Self-Attention Dense Depth Estimation Network for Unrectified Video Sequences
Alwyn Mathew, Aditya Prakash Patra, Jimson Mathew

TL;DR
This paper introduces a self-attention based deep learning network for dense depth estimation from unrectified video sequences, incorporating camera distortion into training, and achieving competitive results without relying on rectified images.
Contribution
The paper presents a novel self-attention depth and ego-motion network specifically designed for unrectified images, including camera distortion in the training process.
Findings
Performs competitively with methods using rectified images
Effective depth estimation from unrectified video sequences
Incorporates camera distortion into training pipeline
Abstract
The dense depth estimation of a 3D scene has numerous applications, mainly in robotics and surveillance.
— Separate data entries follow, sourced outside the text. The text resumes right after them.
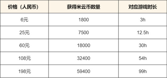 【米云币】:用于抵扣《云·原神》游玩时长,可通过购买获得。购买后可在信息界面及用户中心查看当前账户中米云币的余额。米云币有以下5个充值档位:
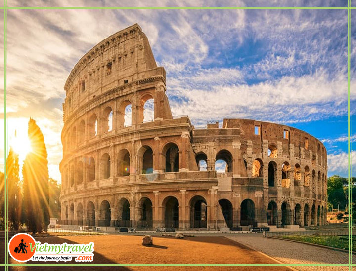 - Đấu trường Colosseum: biểu tượng của Đế Chế La Mã. Và là một trong những mẫu kiến trúc La Mã đẹp nhất còn lại. Đấu trường được dùng làm nơi cho các đấu sĩ và nộ lệ chiến đấu.
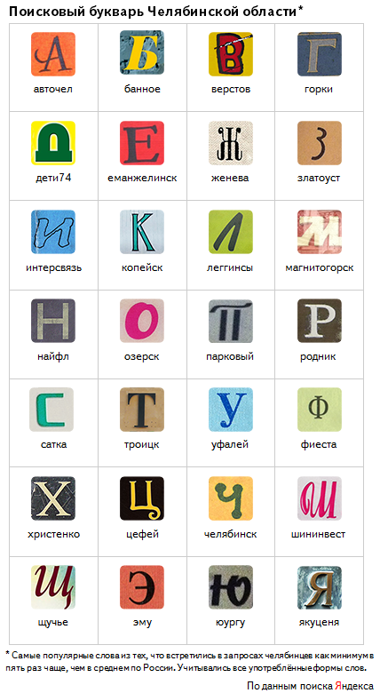 Каждую неделю челябинцы вводят в поисковую строку Яндекса в среднем 68 миллионов слов. Как и жители других регионов, чаще всего в запросах они употребляют слова «онлайн», «скачать», «бесплатно», «смотреть» и «игра». Однако есть такие слова, которые челябинцы используют значительно чаще, чем пользователи из других мест. Такие слова и вошли в наш букварь.
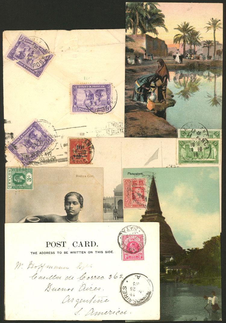 5 Postcards sent to Argentina between 1903 and 1920 from Natal, Thailand, Ceylon and Morocco (2), all of very fine quality + cover from Belgian Congo (defects), attractive lot! IMPORTANT: Please view ALL the photos of the lot, because all the cards have been scanned (both sides) (Image)
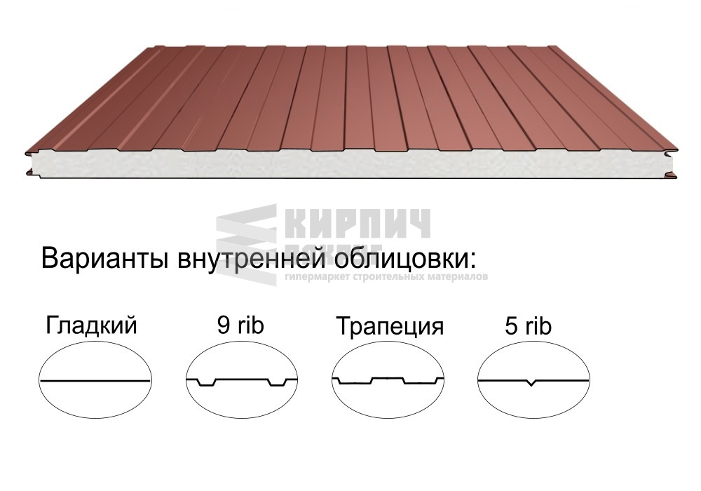 Строительный материал, имеющий трёхслойную структуру, состоящую из двух листов металла и слоя утеплителя между ними.
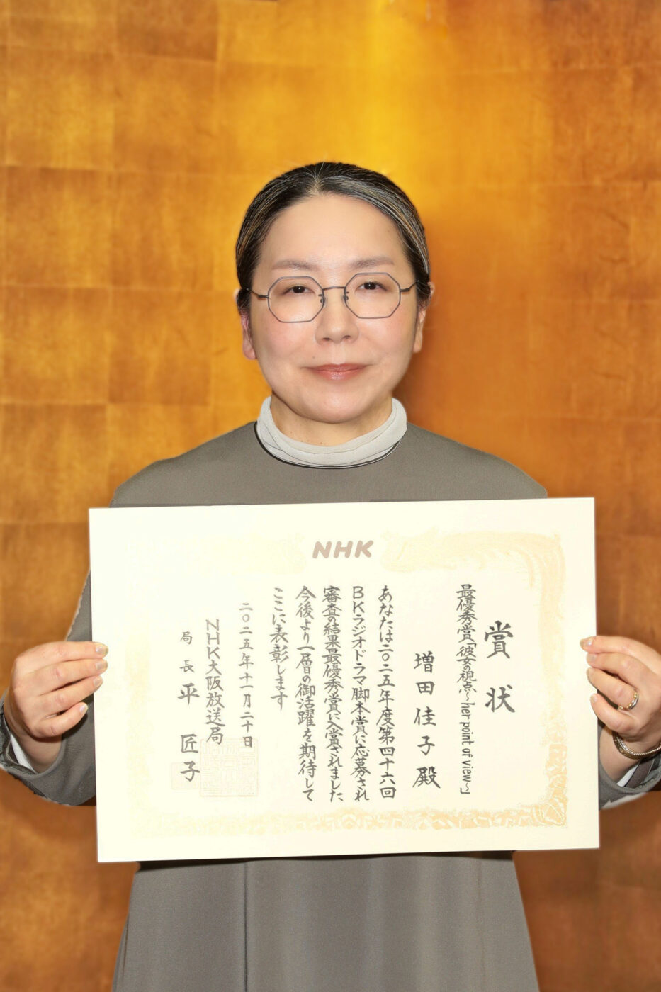 2025年度第46回 BKラジオドラマ脚本賞(応募総数151篇)にて、『彼女の視点~her point of view~』で最優秀賞を受賞された増田佳子さん。

LiDAR and radar sensors are the hardware solution for real-time depth estimation, but these sensors produce sparse depth maps and are sometimes unreliable. In recent years research aimed at tackling depth estimation using single 2D image has received a lot of attention. The deep learning based self-supervised depth estimation methods from the rectified stereo and monocular video frames have shown promising results. We propose a self-attention based depth and ego-motion network for unrectified images. We also introduce non-differentiable distortion of the camera into the training pipeline. Our approach performs competitively when compared to other established approaches that used rectified images for depth estimation.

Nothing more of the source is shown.